Le 13 mai, Ariane Bouchard, infirmière, rencontre Charles Boulanger, représentant syndical pour la FIQ au CSSS Sud-Ouest-Verdun. Elle lui explique les objectifs de la création du comité de mobilisation et l'informe de la volonté du comité de collaborer avec le syndicat, volonté aussi exprimée dans le tract d'invitation à la réunion. L'ordre du jour de la réunion est remis à M. Boulanger. Il est ensuite affiché sans aucune modification. Entre cette rencontre et la première réunion du comité le lundi 24 mai 2010, ni les représentants de la FIQ, ni ceux de la CSN ne nous contactent même si nos coordonnées sont à leur disposition.

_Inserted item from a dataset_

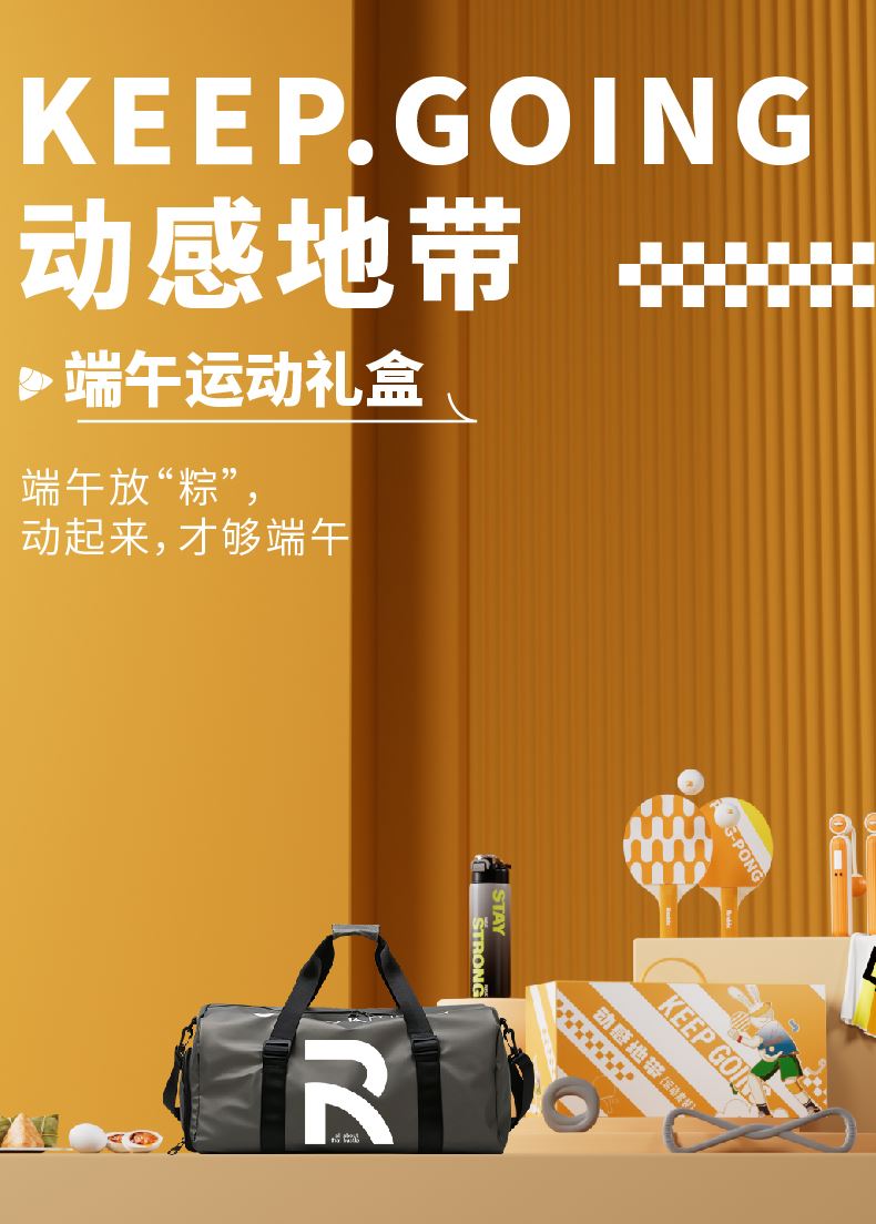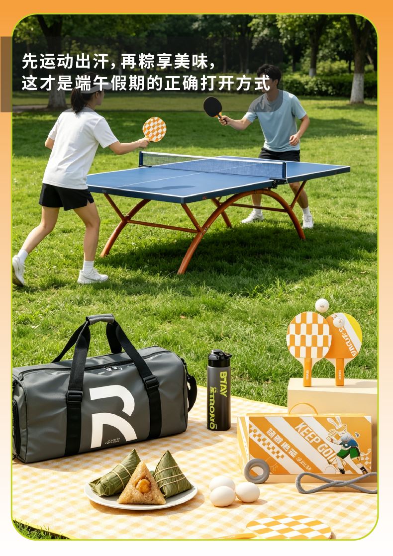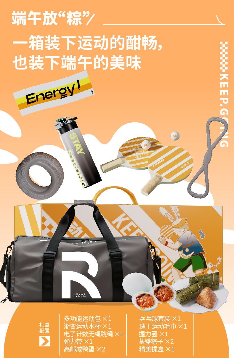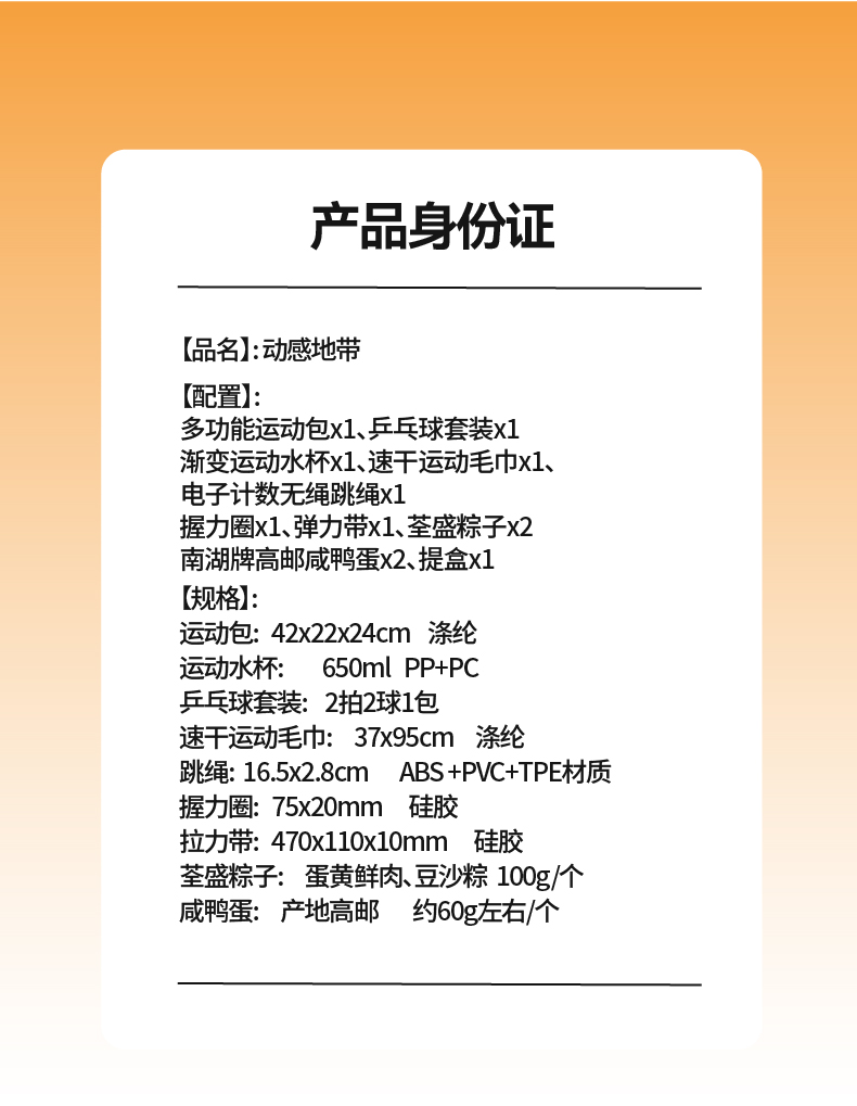 礼盒配置:多功能运动包*1、乒乓球套装*1 渐变运动水杯*1、速干运动毛巾*1、 电子计数无绳跳绳*1 握力圈*1、弹力带*1、荃盛粽子*2 南湖牌高邮咸鸭蛋*2、提盒*1
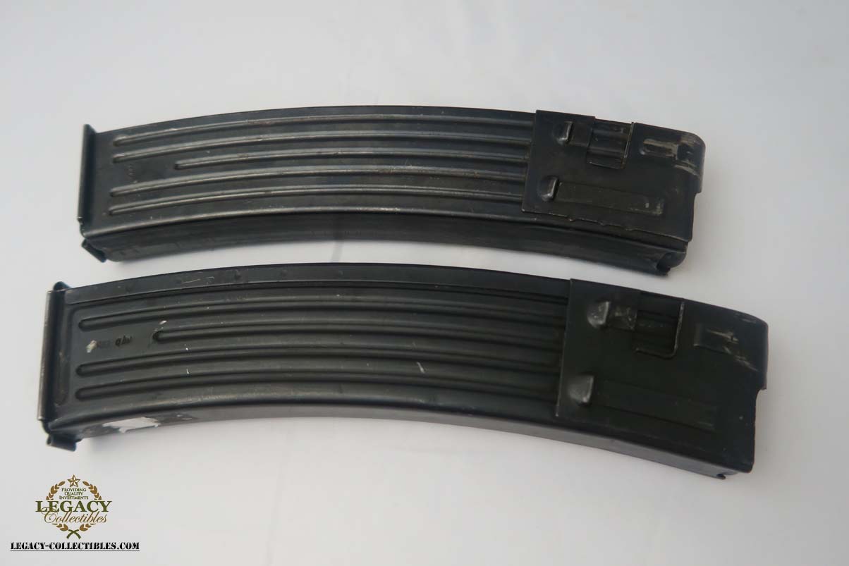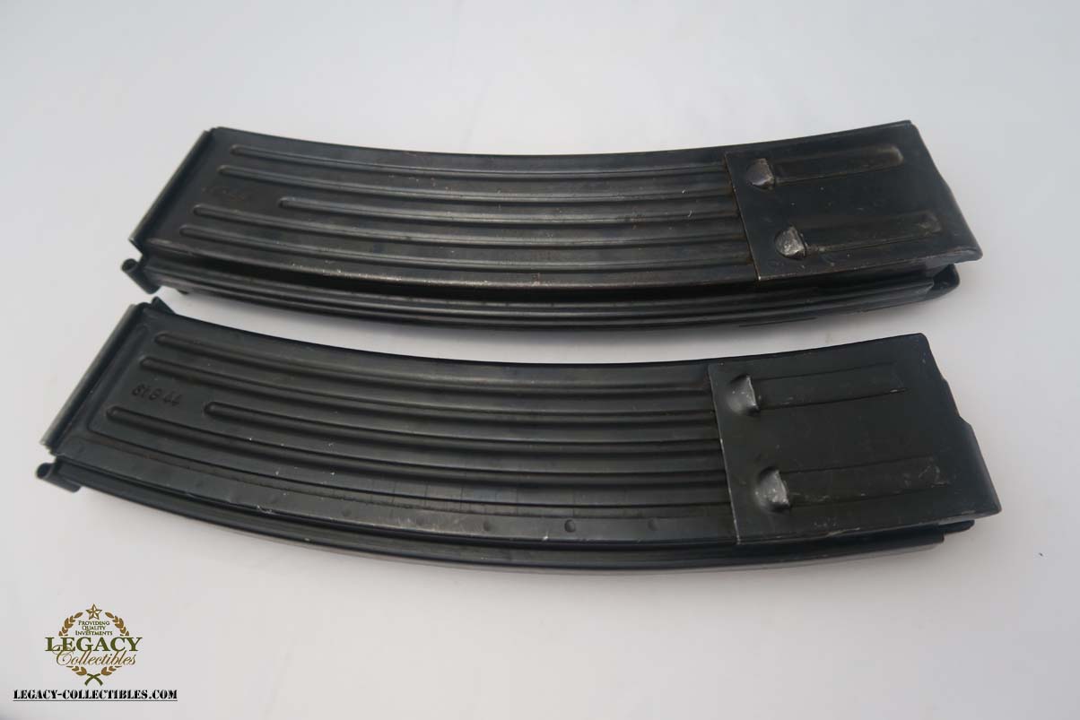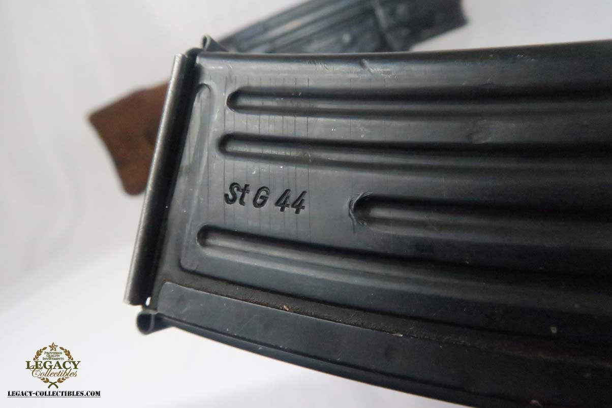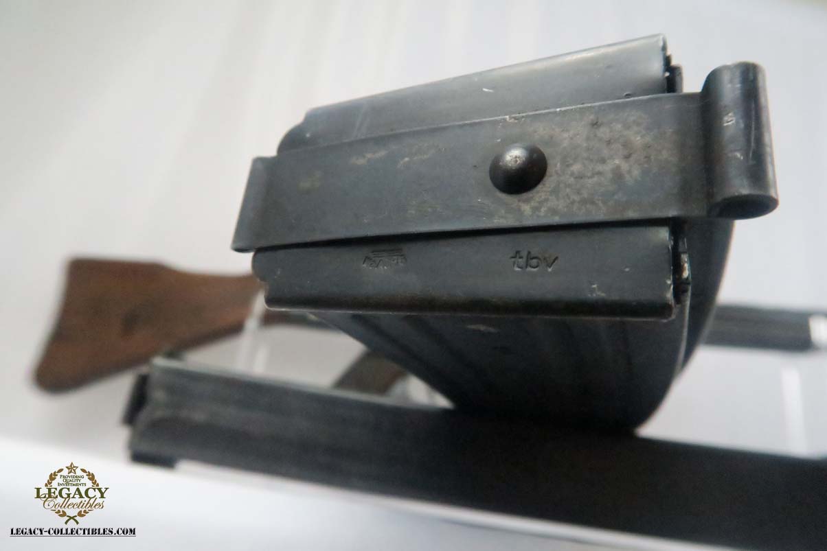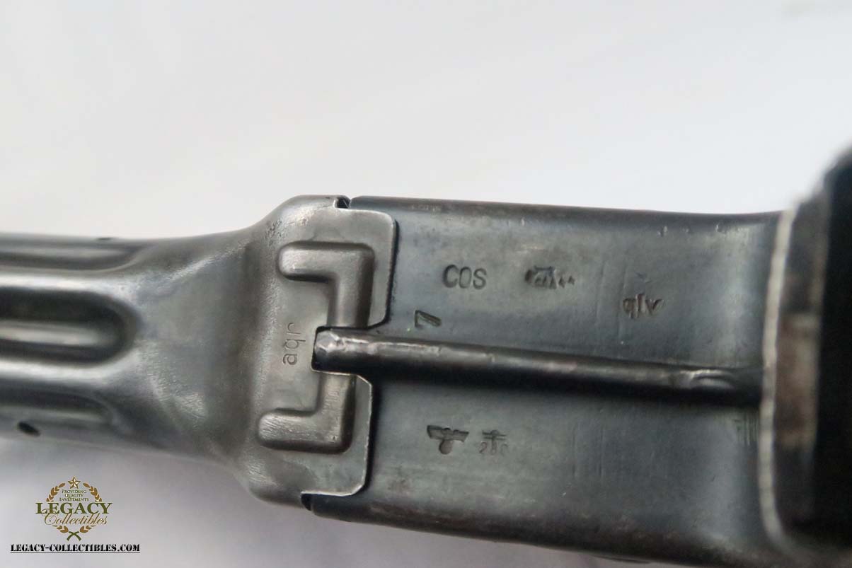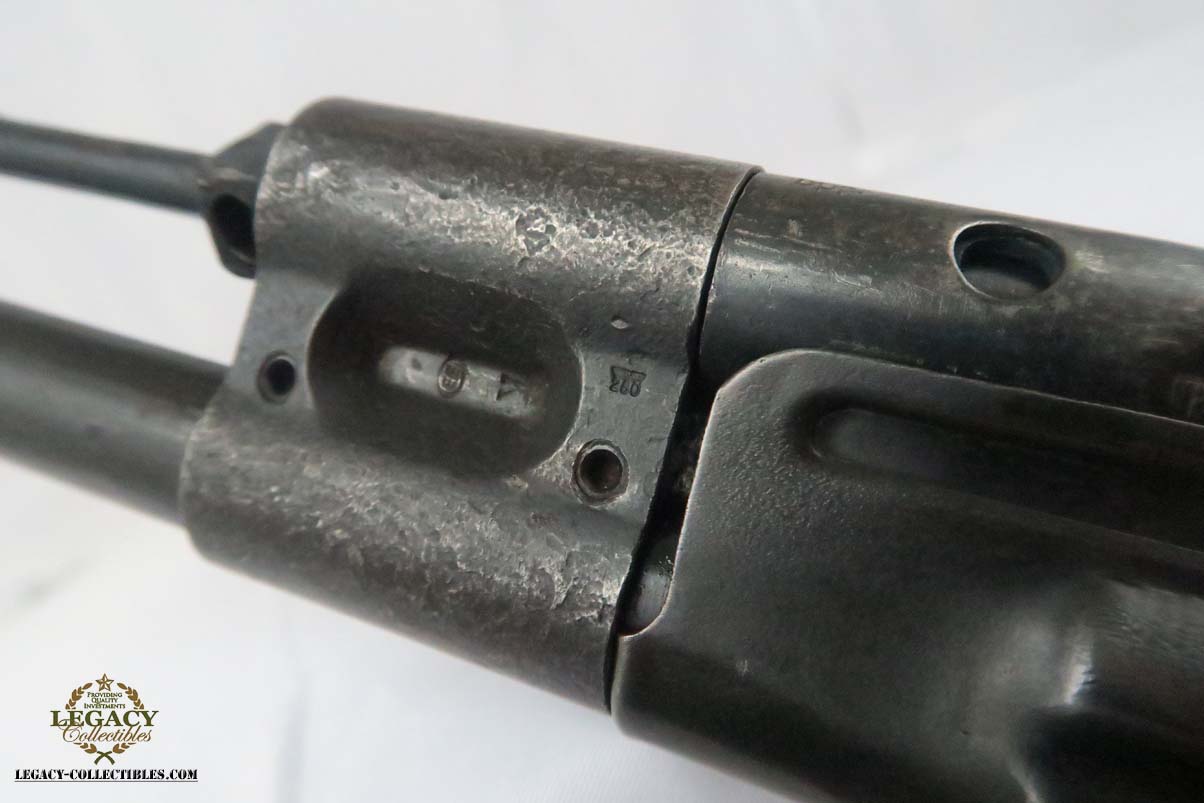 7/18/17 – The is a very cool full auto German MP44 Machine Gun from World War II. It is SN 1489N and has a 16-1/2″ barrel. Manufactured by ERMA. All parts on the gun except for rear sight numbered 73 appear to be all matching with ERMA manufactured op-rod, barrel and gas block with Haenel manufactured bolt. Metal receiver and buttstock parts by Mertzwerke with ERMA “qlv” mark on receiver. Buttstock is of the later 5-1/2″ vertical profile type. Bolt moves freely within the action, spring tension is good. This weapon appears fully functional. The original finish is very nice with a nice even patina, a smooth original blue finish turning gray with a mottling of brown, completely consistent with wartime use in a combat area. The bore is excellent and shiny. Bolt and op-rod extremely fine. Wooden grips and buttstock also extremely fine with a noticeable 2-1/2″ crack parallel to the bore line- 2″ up from the toe. Original leather sling also serviceable, soft and supple. The MP44 is the Granddaddy of all modern assault rifles. This particular specimen has an extremely smooth action and a very attractive appearance. These are a dream to shoot on the range and thankfully significant quantities of modern made ammunition are available. No German WWII machine gun collection is complete without one of these. Includes two 30 rnd magazines, 1 marked MP44 and the other StG44. This is a National Firearms Act item and requires BATF approval prior to transfer. This item is fully transferable on an ATF Form 3 or Form 4. It is Curio & Relic (C & R) eligible.

Le 24 mai, la première réunion du comité de mobilisation s'est tenue dans la salle de repos au sous-sol. Quelques employés de l'entretien sont présents pour cette rencontre initiale. Lors de notre mobilisation et durant cette réunion, plusieurs travailleurs ont manifesté qu'une telle initiative répondait à un réel besoin et ont montré de l'enthousiasme à ce que «quelque chose» se passe enfin, peu importe qu’il soit amorcé par le syndicat ou par des collègues. Cependant, l'ambiance change lors de l'arrivée des représentants syndicaux. Nous tenons particulièrement à déplorer l'attitude d'intimidation manifestée par 3 représentants de la CSN, dont Guignard Elina et Denise Provost, qui ont refusé de s'asseoir même après que nous leur en avions explicitement fait la demande, en spécifiant que nous trouvions intimidant qu'ils soient debout alors que tous les travailleurs étaient assis. Ils ont de plus ignoré les tours de parole, interrompant les autres ou chuchotant entre eux pendant que d'autres parlaient. Peu importe leurs arguments contre ce comité de mobilisation, ce manque de respect n'a pas sa place dans un débat politique.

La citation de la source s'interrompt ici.